Brief minister met een evaluatie van het project openbaar vervoer over water - Openbaar vervoer

Deze brief is onder nr. 55 toegevoegd aan dossier 23645 - Openbaar vervoer i.

1.

Kerngegevens

Officiële titel Openbaar vervoer; Brief minister met een evaluatie van het project openbaar vervoer over water 
Document­datum 11-04-2003
Publicatie­datum 12-03-2009
Nummer KST67625
Kenmerk 23645, nr. 55
Van Verkeer en Waterstaat (VW)
Originele document in PDF

2.

Tekst

Tweede Kamer der Staten-Generaal

Vergaderjaar 2002–2003

23 645

Openbaar vervoer

Nr. 55

BRIEF VAN DE MINISTER VAN VERKEER EN WATERSTAAT

Aan de Voorzitter van de Tweede Kamer der Staten-Generaal

Den Haag, 11 april 2003

In het kader van de nota Samen Werken aan Bereikbaarheid zijn, om de congestie op bepaalde filegevoelige trajecten van het wegennet te bestrijden, in de afgelopen jaren vijf verbindingen van openbaar vervoer over water door mij gesubsidieerd. Dit zijn de Waterbus voor het Drecht-stedengebied, de Fast Ferry op het traject Rotterdam–Dordrecht, de Aqua-liner voor de verbinding Almere–Huizen, de Fast Flying Ferries voor de verbinding tussen Velsen en Amsterdam en de Flevo Ferries voor de verbinding Lelystad–Amsterdam. Laatstgenoemde verbinding is inmiddels gestaakt. De SWAB-subsidies dienden als een tegemoetkoming in de hoge aanloopkosten die gepaard gaan met deze vorm van openbaar vervoer, zoals de investeringen in de vaartuigen en de wallokaties. Bij de opzet van deze vaarverbindingen is als belangrijk uitgangspunt gehanteerd dat de waterwegen in Nederland voor het openbaar vervoer over water nog relatief onderbenut zijn.

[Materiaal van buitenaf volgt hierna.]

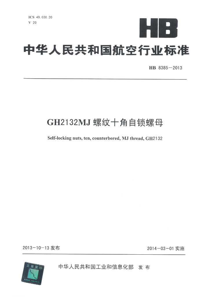 HB 8385-2013 GH2132MJ螺纹十角自锁螺母
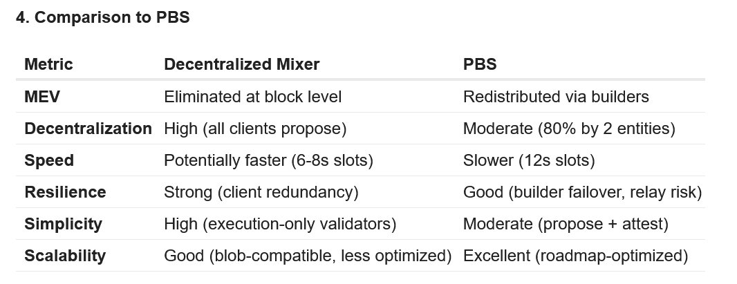 «Эта система преодолевает это: создание блоков распространяется на тысячи клиентов по всему миру, полностью демократизируя процесс. Ни одна отдельная сущность не доминирует — в отличие от пула создателей PBS или централизованного микшера — и BFT смягчает дисперсию пула памяти, обеспечивая надежность».

Bij de introductie van deze vorm van openbaar vervoer is aangegeven dat de Kamer na vier jaar een verslag zou ontvangen over de doeltreffendheid en de effecten in de praktijk. Mede op basis van deze evaluatie zou worden bezien of, en zo ja hoe, OV over Water structureel in de regelgeving blijft opgenomen. Deze evaluatie is in oktober 2002 afgerond. In deze brief ga ik nader in op de uitkomsten van deze evaluatie.

In het kort komt het beleidskader OV over Water op het volgende neer:

  • 1. 
    OV over Water behoudt de structurele status als vorm van openbaar vervoer in wet en regelgeving.
  • 2. 
    De regelgeving wordt zodanig aangepast dat de belangen van de reiziger bij OV over Water op hetzelfde niveau worden gewaarborgd als bij het OV.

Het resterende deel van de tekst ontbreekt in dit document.